Monday, May 12, 2008
Monday, January 14, 2008
WEB-BASED METADATA ADMINISTRATION SYSTEM
WEB-BASED METADATA ADMINISTRATION SYSTEM
Durgendra Man Kayastha
Chief Survey Officer,
NGIIP, Survey Department, Nepal
digimap@wlink.com.np
KEY WORDS: Metadata, Geospatial data search
ABSTRACT: Metadata forms the basis for exploring data. A well structured and detailed metadata supports exploring the existence of a data set, suitability of datasets for the intended application, and also finding out the ways to obtain such a dataset. One of the fundamental purposes of establishing a geospatial information infrastructure is to provide an easy means to supporting such an activity of data mining/exploration etc. National Geographic Information Infrastructure Programme, Survey Department (NGIIP/SD), Nepal is working towards the development of a web-based metadata administration system concerning geospatial data in Nepal. The system was XML based and built upon open source software technology.
This paper describes the content standards adapted followed by system prototype.
1. Introduction
Geo-spatial data are often required for different purposes to users. Consequently collection of such data proceeds with the methods probably most suitable for the intended application. In general, data collected for one particular application could be made useful to scores of other applications. Hence, such dataset should be made available to other users as easily as possible. It is generally found that the data collected and maintained by one agency was not known to other agency or may be difficult to obtain such data due to several reasons. In many cases the other users even have no option of finding out the suitability of such data maintained by other agencies in case of availability too.
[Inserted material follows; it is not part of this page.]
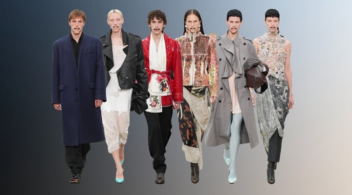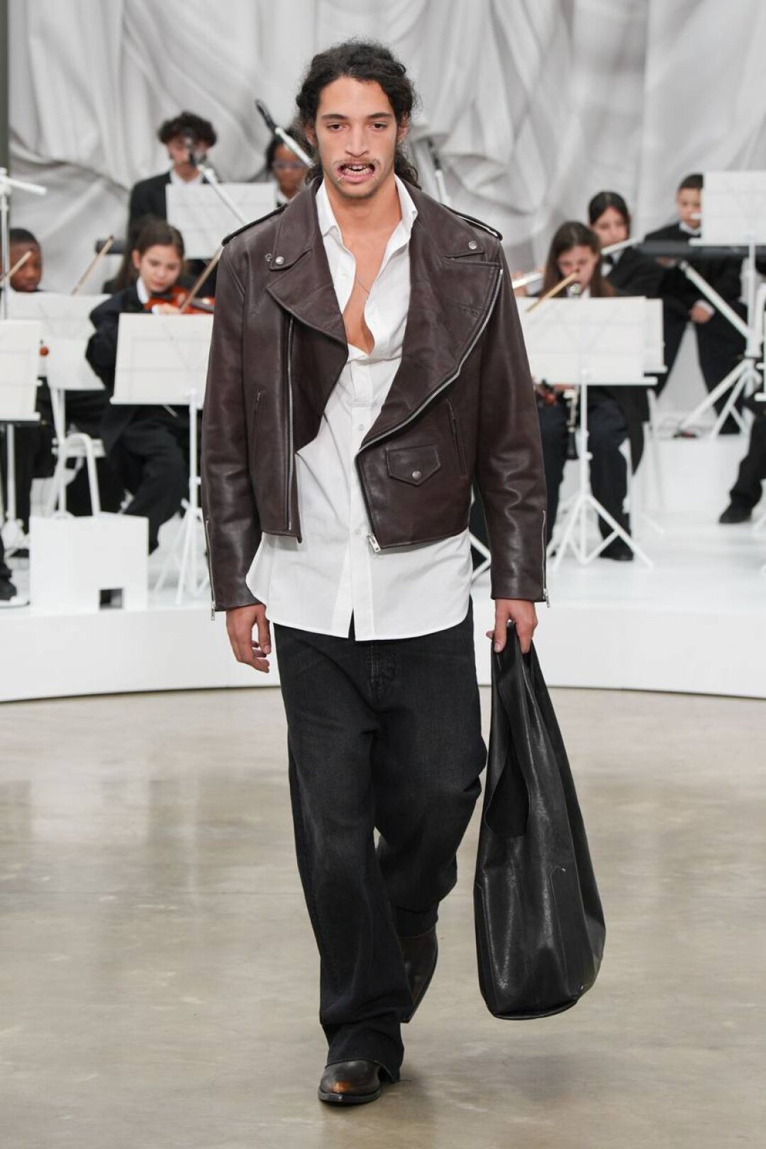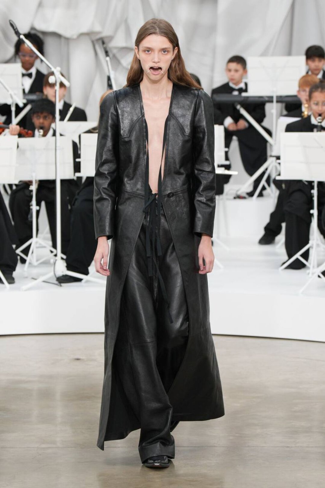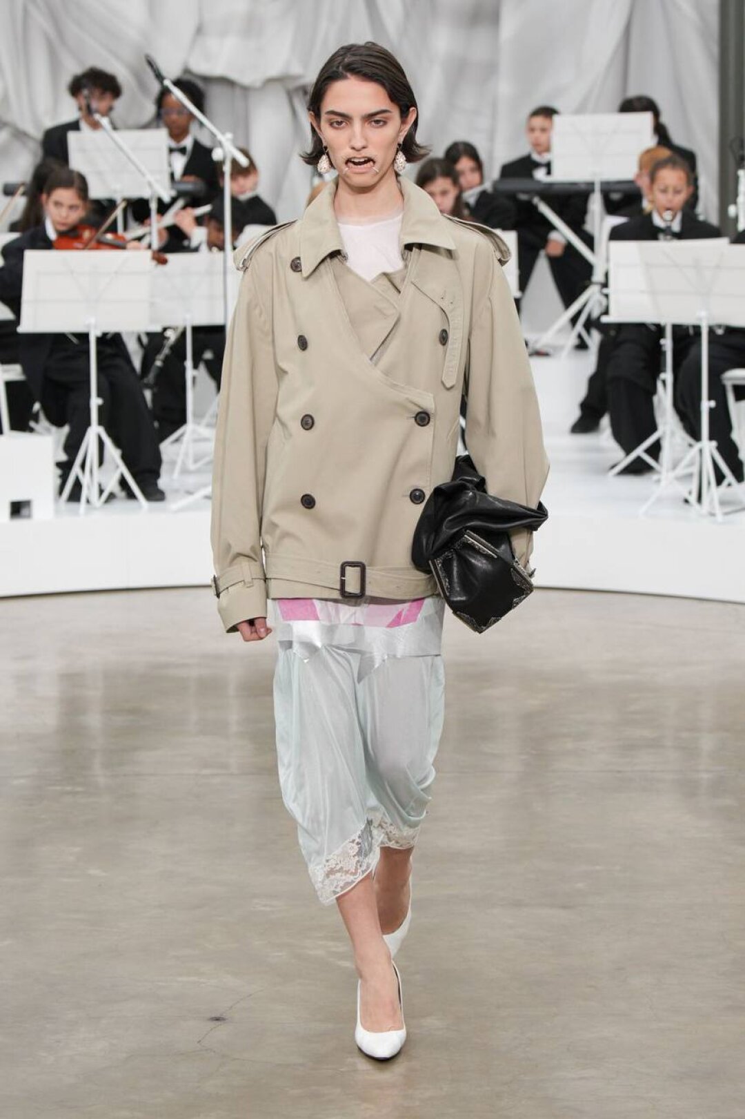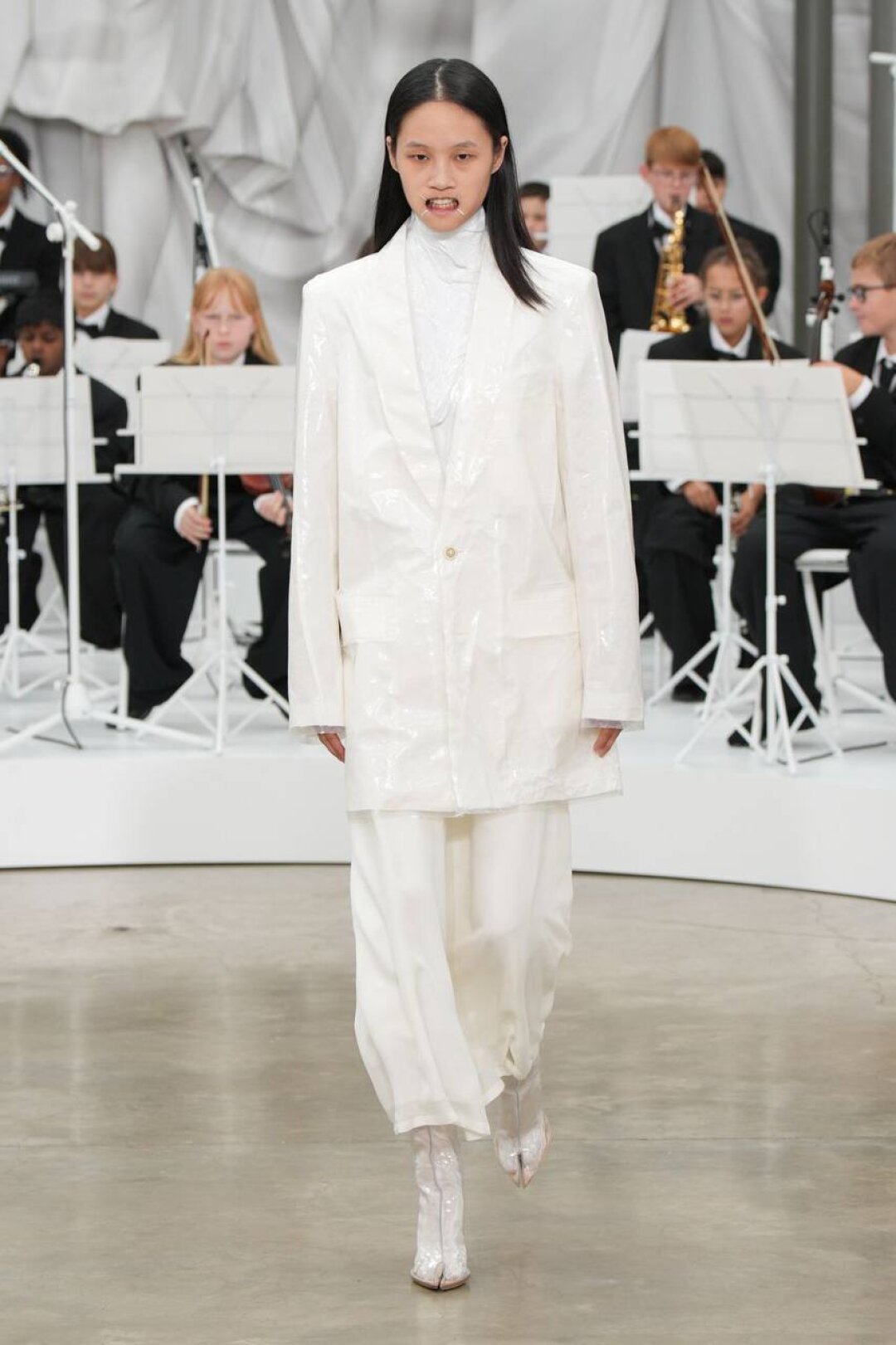 Лучшая униформа для театрального сезона, по мнению худрука Maison Margiela, — кожаные двойки с приталенными жакетами на завязках, юбки на запах с костюмными жилетами, глухие макси (тоже из кожи!) и оверсайз-бермуды из денима в комбо со смокингом. Вообще, в отличие от мощного осенне-зимнего кутюра в этом сезоне Гленн Мартенс делает однозначную ставку на коммерческие, относительно понятные и носибельные вещи. Помимо всевозможных костюмных айтемов —кэжуальных, но с оригинальными деталями (лишенные лацканов и покрытые пластиковым слоем объемные пиджаки, брюки с экстремально удлиненной ширинкой, гибриды жилетов и макси-жакетов) — увидели много денима, кожи и повседневной верхней одежды — от помятых косух до базовых тренчей и плечистых пальто из плотной шерсти.

This generally leads to collection and maintenance of data by individual agencies on their own, probably duplicating the data itself. Such situation can be avoided or the problems can be minimized by setting up a metadata system and thus making suitable provision for sharing the information among the users in the framework of a national geographic information infrastructure. The following sections describe the content of the metadata adopted by the NGIIP/SD and the implementation of the system.
2. Metadata Content
Metadata serves several important purposes including data browsing, data transfer, and data documentation. Considering the usability of existing dataset, metadata could be maintained at several levels of complexities. In the basic form, metadata might consist of a simple listing describing basic information about available data, whereas detailed information may be included about individual dataset. The Content Standards for Digital Geospatial Metadata (CSDGM) of the Federal Geographic Data Committee, US, specifies some 334 different metadata elements for a set of geospatial data. The purpose of the content standards is to provide a common set of terminology and definitions for documentation related to these metadata. Information about what elements of the metadata is mandatory, optional, repeatable, or one of a choice are encoded in the production rules of the CSDGM. ANZLIC Working Group, on the other hand proposed considerably a smaller subset as core metadata elements.
The content of the NGIIP/SD metadata contains only 176 elements mostly taken from the CSDGM/FGDC and few elements are taken from ESRI’s adaptation. Besides, variations have also been made in the production rules such as removing certain mandatory elements and also limiting the number of entries. For example, only two addresses are allowed whereas unlimited numbers of address are allowed in the FGDC specifications. Similarly, only 10 attributes are allowed in this system as opposed to unlimited attributes in the CSDGM/FGDC specifications. These limitations are made to simplify the situation from the practical standpoint only which after evaluating the system could be changed in future. Yet, the basic structure of the content remains the same as of CSDGM/FGDC.
3. System Context
The overall system context is shown in figure 1.
Web Client: The actual user interface enables users to Add/Edit metadata along with features to query for desired data in the network and other features.
Gateway: Provides interfaces to client, respond to clients and connects the client to different services available.
Catalogue Service: Provides features to search, retrieve and display metadata.
Building metadata repository.
Metadata Service: Enables adding/editing metadata. Contains Interfaces/APIs allows to enter metadata and create XML files.
Metadata DB : Metadata repository. Stores all XML files as a single repository.
Data Access Service: Data download and/or interactive session
Webmaping Service: Interactive session through Data Access Service

4. System Functionality
The system was developed basically to allow the following activities:
1. Metadata service,
4.1 Metadata Service System
This service allows any users with valid username and password to create and edit metadata. User starts by entering metadata file identification details namely File ID and Title. One can add metadata either using the forms provided (figure 2) or directly upload an XML file (Figure 3). This service generates an XML file in the case where users chose the form inputs). The system adds the XML file to a temporary repository for approval by administrator.
The user could edit the previously submitted metadata by invoking the edit module which involves retrieving the data, editing and resubmitting the metadata. The system will add edited metadata to a temporary XML repository for approval by administrator.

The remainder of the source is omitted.